*** INFORMATION SUPPLIED Section Begins ***
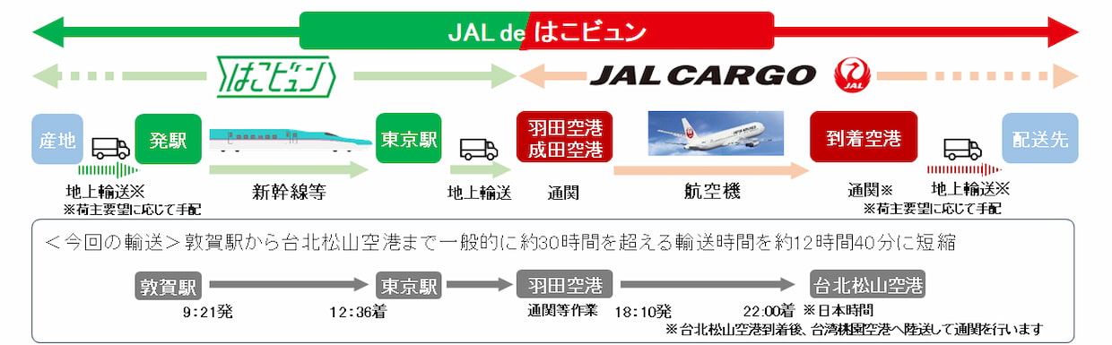両社はことし10月、仙台からシンガポールへナシを輸送するトライアルを実施しており、今回の正式サービス開始につながった。商品化第1弾では、福井県敦賀を起点に、越前がにや敦賀真鯛、若狭まはたといった水産品を台湾向けに輸送する。敦賀発の新幹線で東京駅まで運び、羽田空港から台北松山空港へ空輸。その後、桃園空港で通関する流れだ。
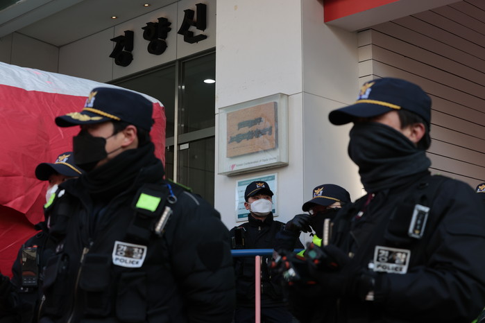 | ▲ 18일 오전 경찰들이 국정원 압수수색이 이루어지고 있는 서울 중구 전국민주노동조합총연맹(민주노총) 서울 사무실 앞 통행을 통제하고 있다. 2023.1.18 |
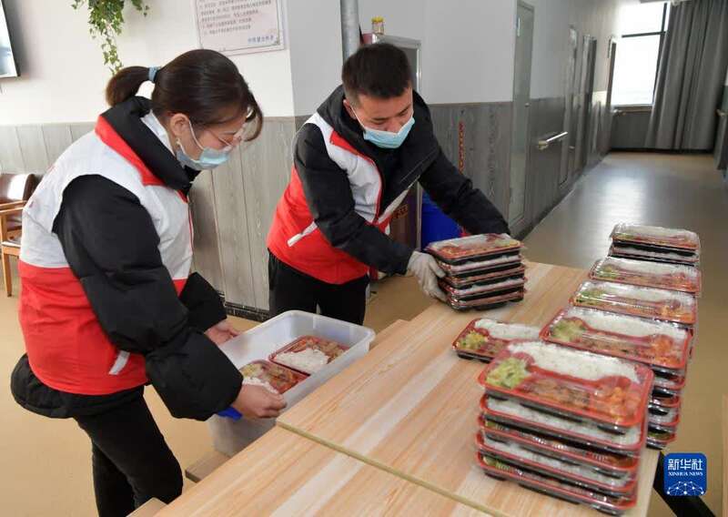 12月7日,志愿者在江西省南昌市青云谱区洪都街道洪校社区“爸妈食堂”打包午餐,准备为行动不便的老人送餐。新华社记者 彭昭之 摄
*** INFORMATION SUPPLIED Section Ends ***
• **INSTRUCTIONS TO FOLLOW**
With the images omitted, repeat all the data word for word.

• **EXERCISE SOLUTION**
両社はことし10月、仙台からシンガポールへナシを輸送するトライアルを実施しており、今回の正式サービス開始につながった。商品化第1弾では、福井県敦賀を起点に、越前がにや敦賀真鯛、若狭まはたといった水産品を台湾向けに輸送する。敦賀発の新幹線で東京駅まで運び、羽田空港から台北松山空港へ空輸。その後、桃園空港で通関する流れだ。
 | ▲ 18일 오전 경찰들이 국정원 압수수색이 이루어지고 있는 서울 중구 전국민주노동조합총연맹(민주노총) 서울 사무실 앞 통행을 통제하고 있다. 2023.1.18 |
 12月7日,志愿者在江西省南昌市青云谱区洪都街道洪校社区“爸妈食堂”打包午餐,准备为行动不便的老人送餐。新华社记者 彭昭之 摄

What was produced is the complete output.